Bei meinem JUnit-Test wird allerdings immer eine IllegalStateException bei "have.iterator().remove();" (have ist eine Collection(ArrayList), in die die Primfaktoren geschrieben werden) geworfen :/

Ich hoffe ihr könnt mir helfen


----------



## SlaterB (8. Mai 2009)

du kannst um den entsprechenden Java-Code ein try/catch bauen und dir die Exception anschauen,
du kannst vergleichsweise an einer völlig anderen Stelle eine  UnsupportedOperationException werden

wenn JUnit daraus intern letztlich was anderes macht, dann hast du darauf vielleicht keinen Einfluss,
aber genaueres weiß ich nicht


----------



## 0din (8. Mai 2009)

scheuch dein prog doch mal im debug modus durch die gegend
warscheinlich wird der fehler nämlich nicht an der stelle geworfen sondern du hast irgendwo anders den wurm drin


----------



## mKz (8. Mai 2009)

habe ich schon SlaterB, die falsche Exception wird genau bei "have.iterator().remove();" geworfen


----------



## SlaterB (8. Mai 2009)

> Bei meinem JUnit-Test wird allerdings immer eine IllegalStateException bei "have.iterator().remove();" (have ist eine Collection(ArrayList),

die iterator()-Methode von ArrayList bzw. der dort zurückgegebene Iterator ist entscheidend, und der wirft IllegalStateException,

noch mal von vorne bzw. bisher gabs nur falsche Tipps, auch von mir:
warum sollte der Aufruf ArrayList.iterator().remove(); etwas mit einer von dir programmierten remove()-Methode zu tun haben,
wo ist der Zusammenhang?


----------



## mKz (8. Mai 2009)

Nun, ich sollte die Iterator-Methode remove() neu definieren (damit sie bei jedem Aufruf eine UnsuspportedOperationException wirft).
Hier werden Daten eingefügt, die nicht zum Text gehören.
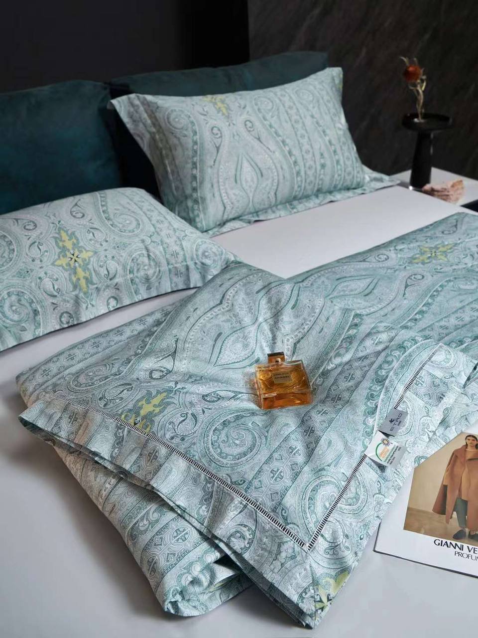 В мире люксовой моды каждый элемент интерьера становится отражением индивидуальности и стиля. Стальной-синий комплект белья Etro BP-51850 — это не просто текстиль для дома, а настоящая находка для тех, кто ценит изысканность и качество. Этот комплект, созданный известным брендом Etro, идеально подходит для создания атмосферы уюта и элегантности в вашем доме. Вдохновленный традициями итальянского дизайна, он сочетает в себе богатство оттенков и уникальные узоры, которые придают спальне особый шарм и стиль.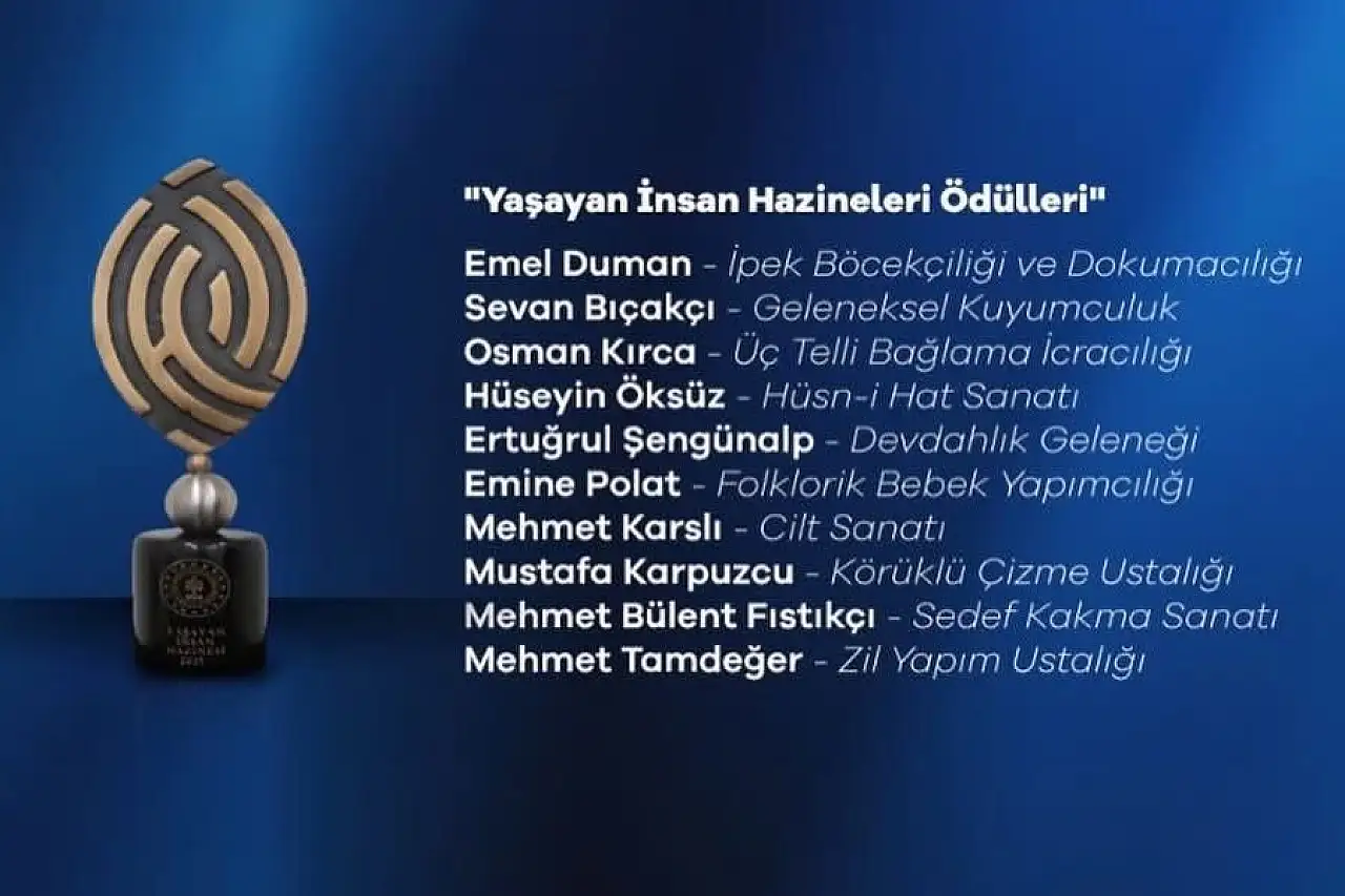 Cumhurbaşkanı Erdoğan, bu anlayışla 2008'den beri sahip oldukları sanat birikimini nesilden nesile aktaran sanatçı ve ustaları "Yaşayan İnsan Hazineleri" ilan ettiklerini vurguladı. Bugüne kadar 90 kişiyi ve iki grubu Yaşayan İnsan Hazineleri Listesi'ne aldıklarını anlatan Erdoğan, "Geçtiğimiz sene 25 usta ve sanatçımızı bu listeye dahil ettik. Bu yıl ise listemize 10 yeni isim daha ekliyor, Yaşayan İnsan Hazineleri varlığımızı daha da zenginleştiriyoruz." dedi.

Nun möchte ich dies einfach testen. Funktioniert aber leider nicht :/


----------



## SlaterB (8. Mai 2009)

WIE möchtest du sie neu definieren und wie testest du?

eine denkbare Variante wäre, statt ArrayList eine eigene Klasse zu verwenden 
(die vielleicht von ArrayList erbt und lediglich einen neuen Iterator zurückgibt)

einfach so sich was wüschen oder 'irgendwo' definieren hilft nicht unbedingt,
es braucht schon ein schlüssiges Konzept


----------